If you’ve been told by your doctor that your pregnancy is considered “high-risk,” you may be fearful of the implications of that term. Simply put, your pregnancy involves a higher risk of complications than other pregnancies do; this is often due to an existing condition you may have had before you became pregnant.
As an expectant mother, you will be required to take extra care during your pregnancy, under the guidance of your physician, so as to avoid potential problems. You and your baby are in expert hands with The Methodist Hospital’s experienced and compassionate prenatal and neonatal care specialists, who are well-trained to handle high-risk pregnancies and deliveries. Methodist also offers the opportunity to participate in clinical trials of new treatments that may reduce risks. To learn more about some of the conditions we research and treat, please see below.
If you are experiencing a high-risk pregnancy, and you are interested in being part of Methodist Obstetrics and Gynecology Group’s ongoing research into innovative and improved treatment methods, please click here to read about our clinical trials. We advise that you speak with your physician to determine whether there would be a benefit to you in taking part in our study. Contact Dr.

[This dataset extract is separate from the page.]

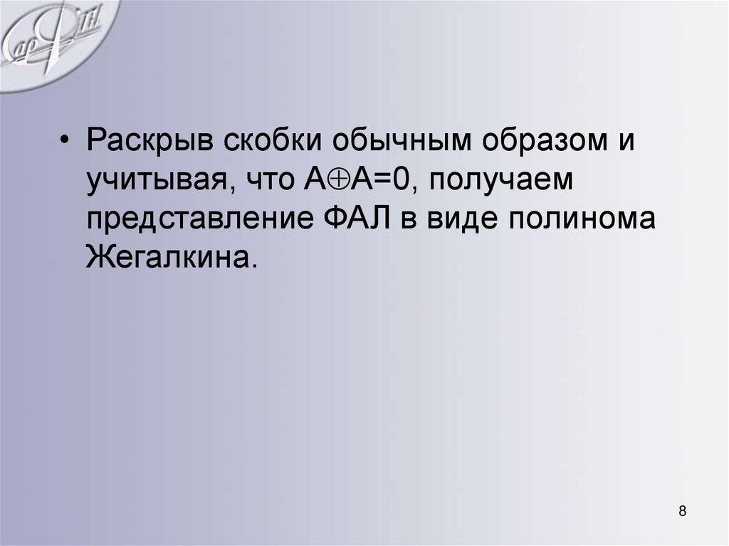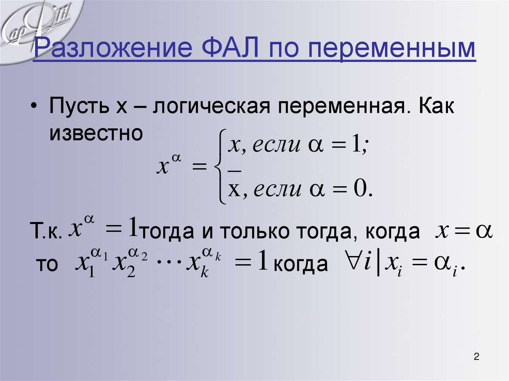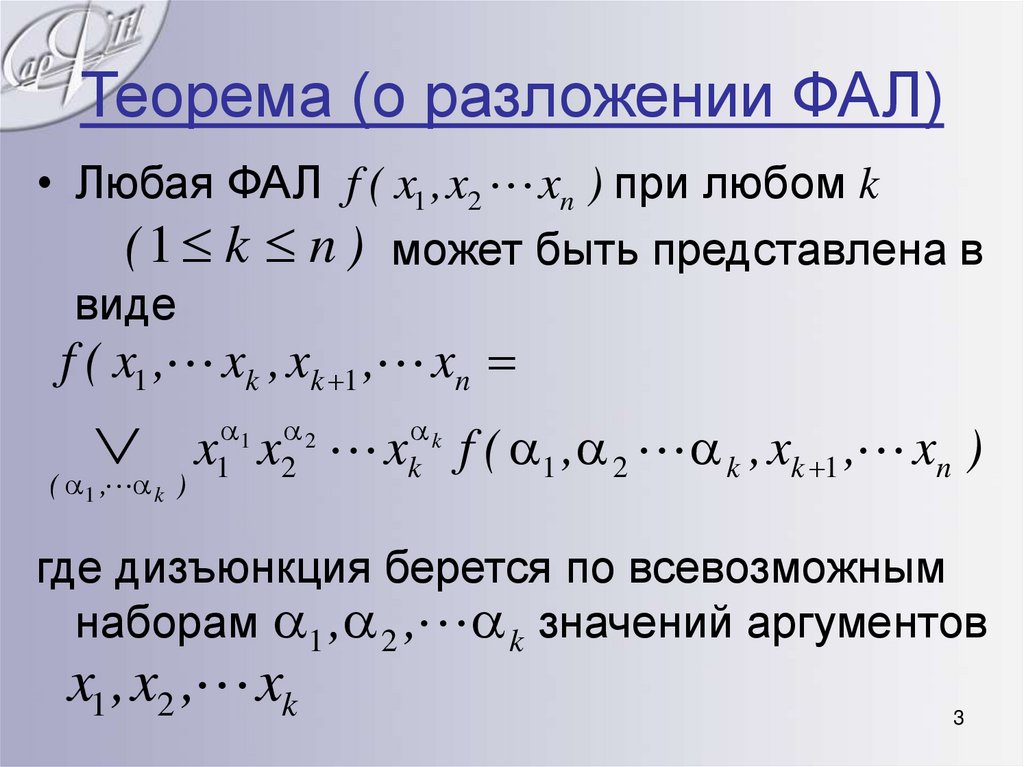• Любая ФАЛ f ( x1 , x2 xn ) при любом k( 1 k n ) может быть представлена в

Carol Robazetti-Hodgson at 713-441-6616 to find out if you meet the criteria for participation.
We invite you to learn more about our clinical trials, including the types of trials we conduct, the benefits of participation and our commitment to patient safety.

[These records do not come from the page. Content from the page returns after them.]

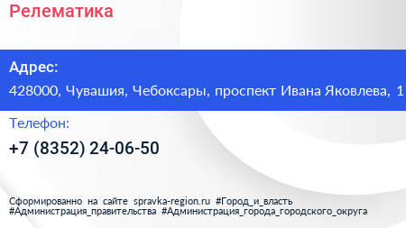 Релематика по адресу 428000, Чувашия, Чебоксары, проспект Ивана Яковлева, 1 в дальнейшем Организация, размещена в следующих категориях: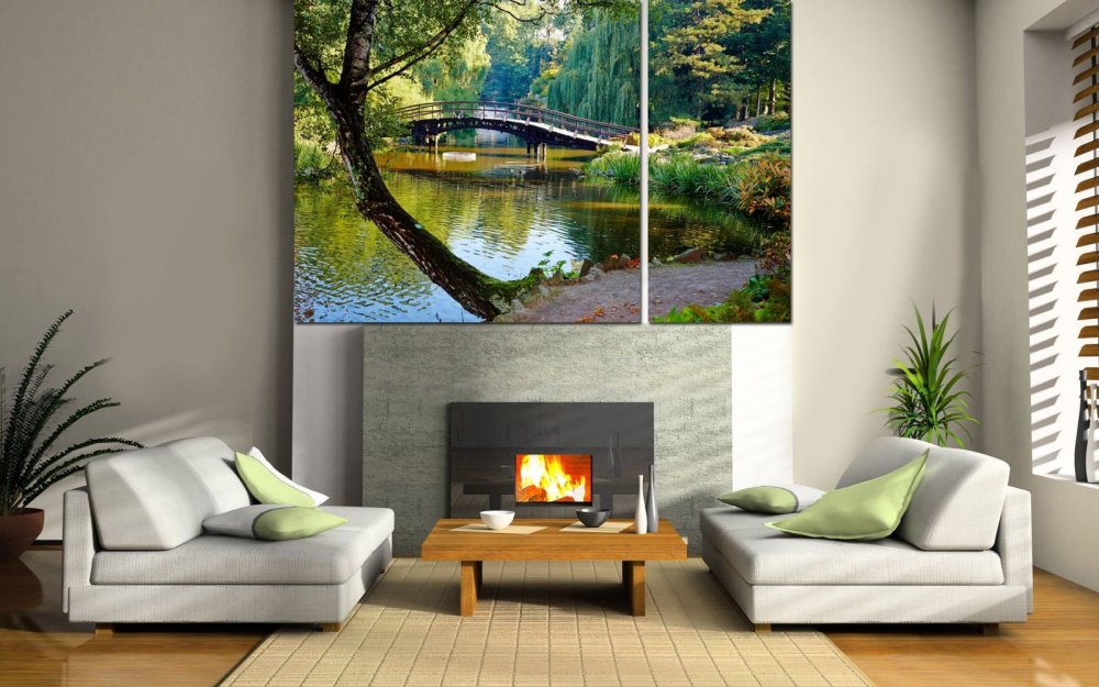 Модульные картины позволяют не только акцентировать внимание зрителя на определенных деталях, но и удачно скрывают неуместные конструкционные элементы дома.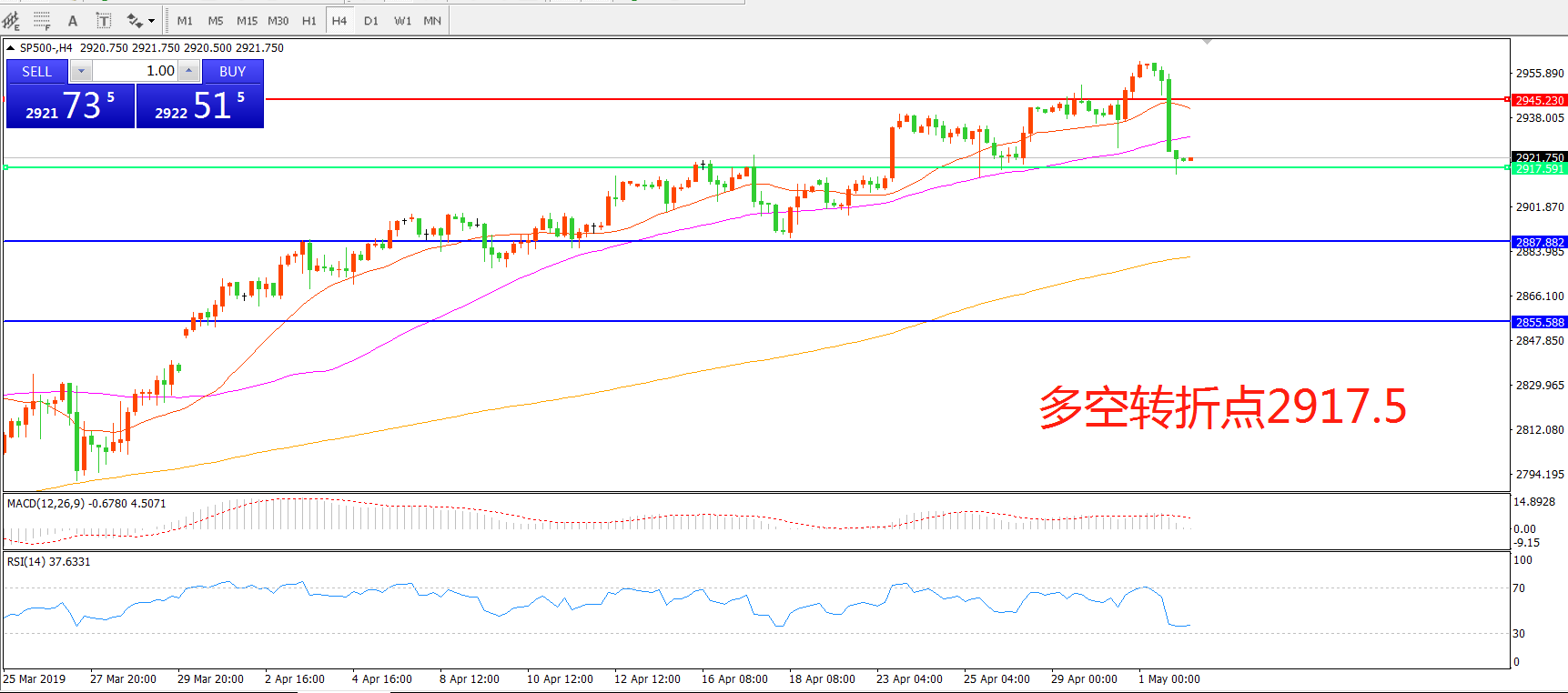 4小时图看,标普500整体呈现冲高回落走势, 暂时企稳于前期多空分水岭附近,短期均线有拐头迹象,MACD红柱缩短,日内重点关注2917.5一线得失。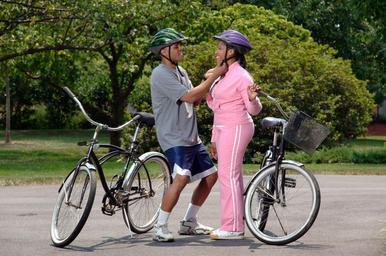 MAKE A MEME View Large Image Couple preparing for bike ride (1).jpg An African-American man adjusts an African-American woman's helmet strap as they prepare for a bicycle ride Topics/Categories Locations -- Nature/Outdoors People -- Adult People -- Recreation Type ...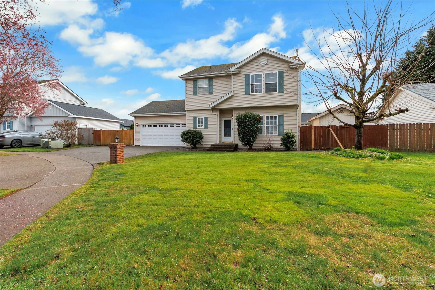 HUGE PRICE REDUCTION. Welcome to this charming home on a quiet cul-de-sac in the heart of Orting! The house features 3 bedroom 2.5 bathrooms, 1527 sq/ft. Step inside to a light-filled interior featuring an open-concept layout and a spacious living room with a gas fireplace perfect for chilly days. The kitchen is designed for both everyday living and entertaining, with ample counter space, cabinetry, and a seamless flow into the dining and living areas. The primary bedroom provides a relaxing retreat with generous walk-in closet space and a private bath, while additional bedrooms offer flexibility for guests, a home office, or hobbies. A new roof was installed in April 2026. The private backyard with a covered patio is perfect for entertaining, BBQ gatherings, gardening, or simply unwinding. The fully fenced side patio provides a secure and convenient space to park your RV or boat. Conveniently located near parks, schools, stores, a dog park, and a playground is within walking distance. A new gas furnace in 2023 and a new water heater in 2024 were installed.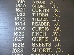 The Tilden families of America descend from John Tilden, a clothier of Benenden, born around 1400. His descendant, Nathaniel Tilden,[4] sailed with his family (his wife Lydia (nee Huckstep), seven children and seven servants) in March 1634 on the Hercules, from Sandwich, Kent to Massachusetts Bay Colony. Nathaniel Tilden, the first name on the passenger list of the Hercules, had been mayor of Tenterden in 1622 and his immediate family had held similarly official roles in Tenterden and the surrounding community. Nathaniel Tilden was chosen ruling elder of the first church of Scituate, Massachusetts within a year after his arrival. His name is recorded in the first conveyance of land recorded in Scituate in 1634: "of all that land which I have of Goodman Byrd lying within the fence at the north end of the third cliffe, unto the land of Nathaniel Tilden."

Hypothyroidism in Pregnancy
Hypothyroidism is a very common disorder, particularly among women of childbearing age. It is a condition in which the thyroid gland, located in the neck, does not produce enough thyroid hormone. This hormone, among other purposes, is responsible for regulating energy metabolism. Although hypothyroidism is very treatable, it is dangerous in pregnancy; if undetected or left untreated, it can cause a delay in brain development in the child. The more severe the hypothyroidism of the mother, the more marked the intelligence deficit in the child.
Treatment with a synthetic thyroid hormone is similar to hypothyroidism treatment in women who are not pregnant. However, the condition is often not diagnosed until pregnancy, especially in women who are subclinical (meaning the disease is so mild that it has been undetected or has not caused symptoms). Methodist Obstetrics and Gynecology Group is conducting trials of a thyroid treatment which may prevent developmental delays in the children of hypothyroid mothers.
Not all women are aware that pregnancy complications can arise from something as simple as the length of the cervix. The cervix – the lower part of the uterus which opens to the vagina – may, in some cases, be unusually short. During pregnancy, a cervix of normal length is able to protect the fetus from miscarriage or early delivery, and shortens and dilates during labor to allow for birth. Therefore, a cervix of shorter-than-normal length brings a risk of serious problems with a pregnancy. In the past, most women had no way of knowing they had a short cervix until after it had caused a miscarriage or preterm birth. Thanks to an expert staff and advanced prenatal care, as well as special clinical trials dealing with the problem of a short cervix, Methodist Obstetrics and Gynecology Group can offer expectant mothers peace of mind and individually tailored treatment to ensure a healthy pregnancy.